Another revelation of how much OUSD trustees have been kept in the loop—or not been kept in the loop—came during the emergency board meeting called by Trustee President David Kakishiba following the sudden announcement that Mr. Ward was leaving for San Diego. Several trustees complained that State Superintendent O'Connell had not been communicating with the board in general—and Mr. Kakishiba in particular—about much of anything over the three years of the state takeover. "O'Connell has never responded to David [Kakishiba] even out of courtesy," the longest-sitting trustee, Noel Gallo, said, a little bitterly. "We're still not informed." To which Alice Spearman, the trustee with the least tenure, replied that she did not understand the problem, since she talked with Mr. O'Connell on a regular basis, and he always returned her calls.

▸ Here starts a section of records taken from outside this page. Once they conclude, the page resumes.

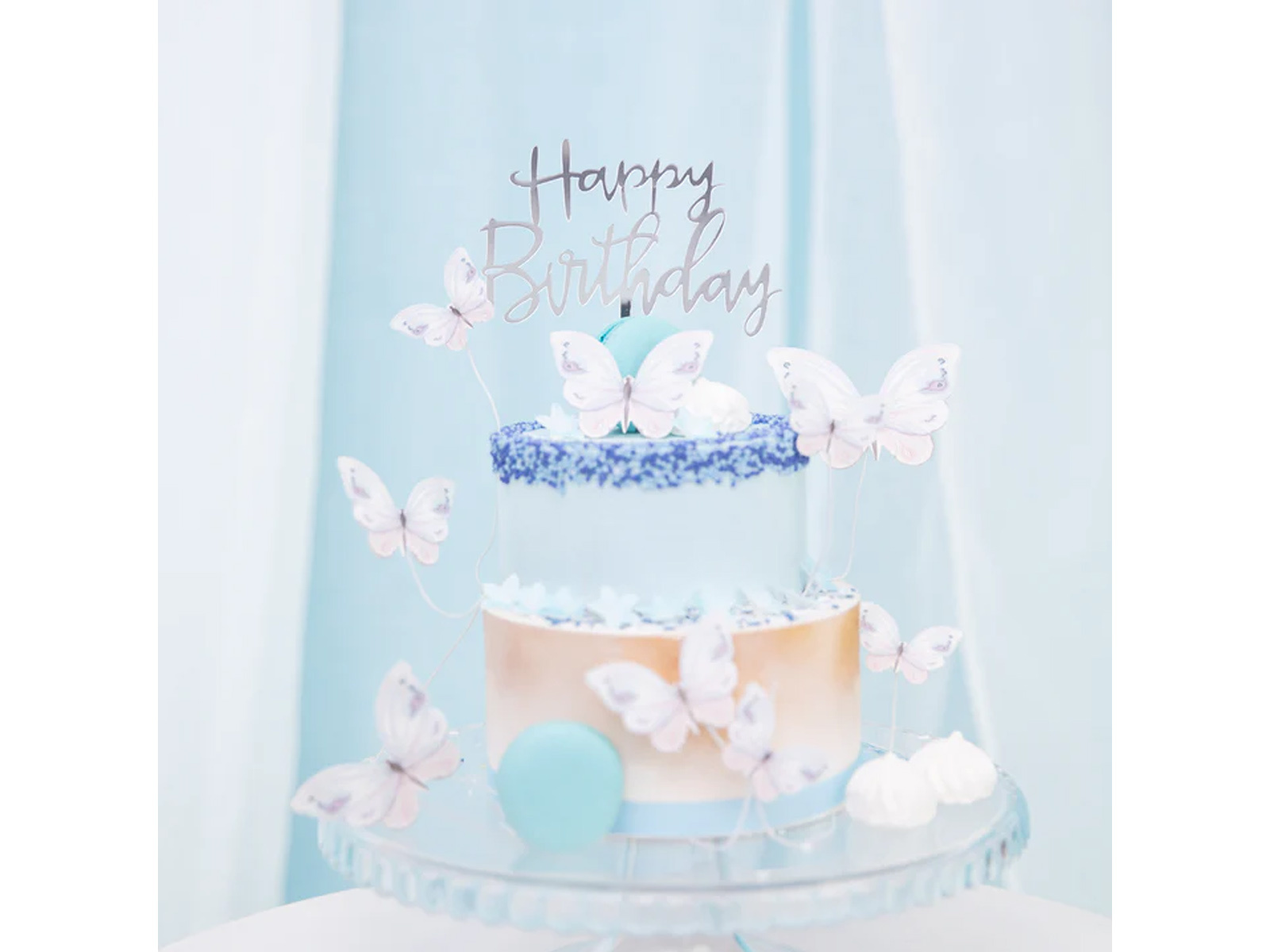 Topper na tort Happy Birthday srebrny - 1 szt.
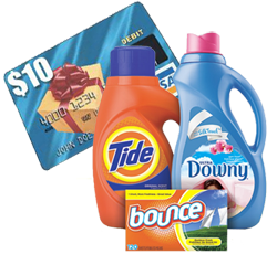 Get a FREE $10 Visa Gift Card Mail in Rebate with $30 Tide, Bounce or Downy Products Purchase between 9/1 and 9/28/13. BUY: $30 worth of Tide, Downy, or Bounce products (excludes Tide Pods and trial/travel-size products) between 9/1/13 and 9/28/13. You can get 6 Tide Detergent Coupons Here! … [Read more...] about FREE $10 Visa Gift Card Mail in Rebate w/ $30 Tide, Bounce or Downy Products
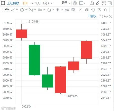 昨天分析,周五是收周K线、月K线的日子,也是五一小假期前的最后一个交易日,一般来说,节前容易收阳K线。市场今天是超预期的表现。上证突破3000点收盘,行情走势完成符合本周每日复盘的分析,日K线图更是有我们曾经学习过的教科书式的经典K线组合图形----分形,代表中期底部成立,发出买入信号。有理由相信,五一假期后市场人气和资金就会回来,五月行情值得期待!由于下周四才开盘,下周三再出文分析。祝大家欢度小长假!
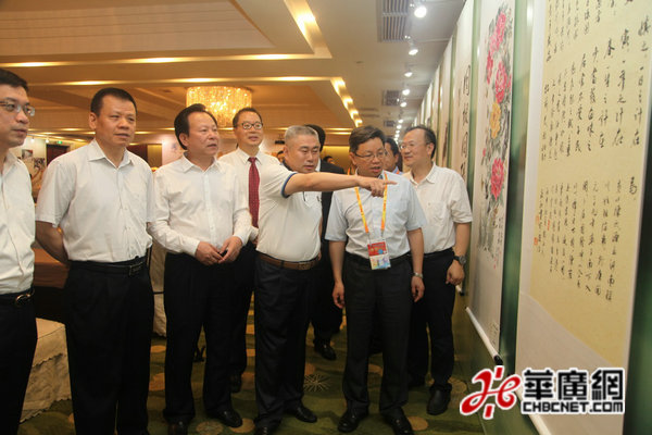 參加第八屆海峽論壇“同名村 心連心”聯(lián)誼活動開幕式的嘉賓參觀中華情 兩岸緣同名(同宗)村書畫作品展。 (華廣網(wǎng)吳勇攝)
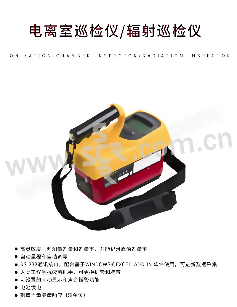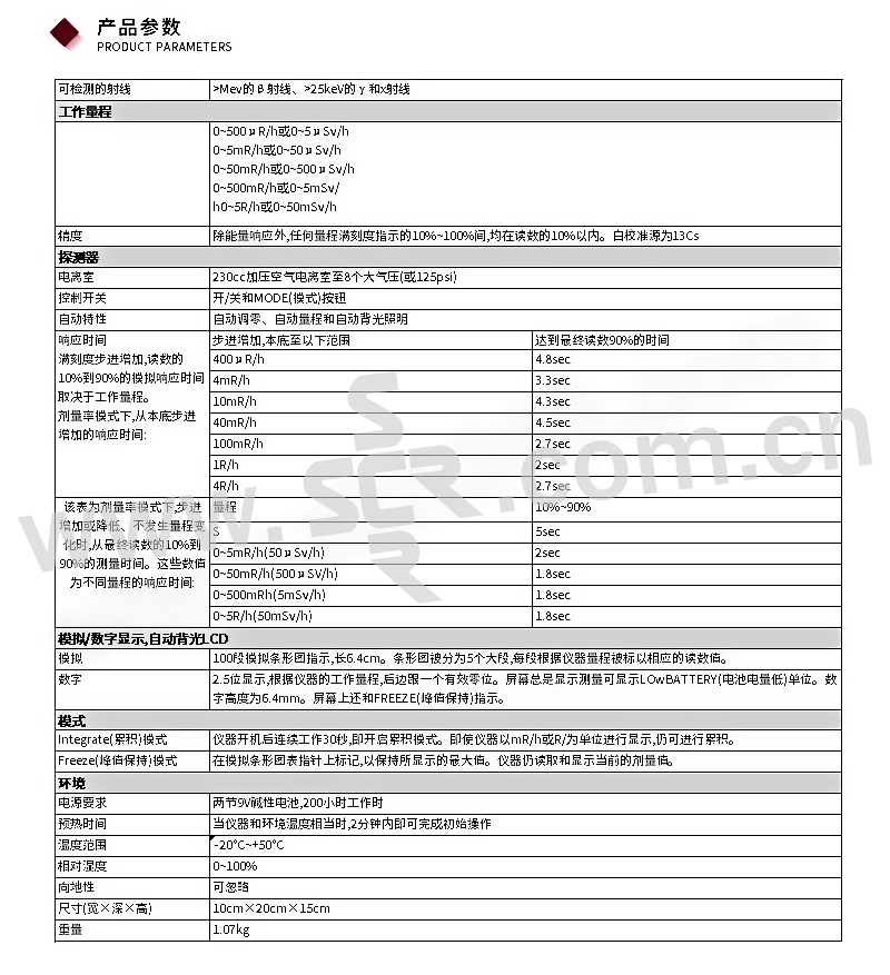 ·过载:如果F451P型电离室巡检仪/辐射巡检仪测量的瞬时辐射率超过50 R/h(0.5 Sv/h),R/h单位中的“R及Sv/h单位中的“Sv将闪烁,提示用户辐射场超过了仪器的测量范围。此外,在这种条件下,测得的积分辐射值可能会有潜在的误差。在清除积分值后,显示屏则停止闪烁。·电池电量低指示:当屏幕上首次显示“LOW BATTERY标记时,还可使用大约6个小时的工作时间。当“LOW BATTERY标记闪烁时,则能够工作的时间不足1个小时。这些时间都是指安装两块电池,并且从第一次发生这些状态计算

Taking all of the trustees at their word on this, and conceding the fact that Mr. O'Connell has a perfect right to speak with Ms. Spearman any time he wants, and she to him, what does it tell us about the superintendent's intent about local preparation for local control when Mr. O'Connell "regularly" speaks with the trustees' juniorist member, and no-one else? That the purpose of this whole exercise was never to help Oakland succeed at local control?

If so, then what was the purpose? That, my friends, continues to be the real mystery of the Oakland school takeover.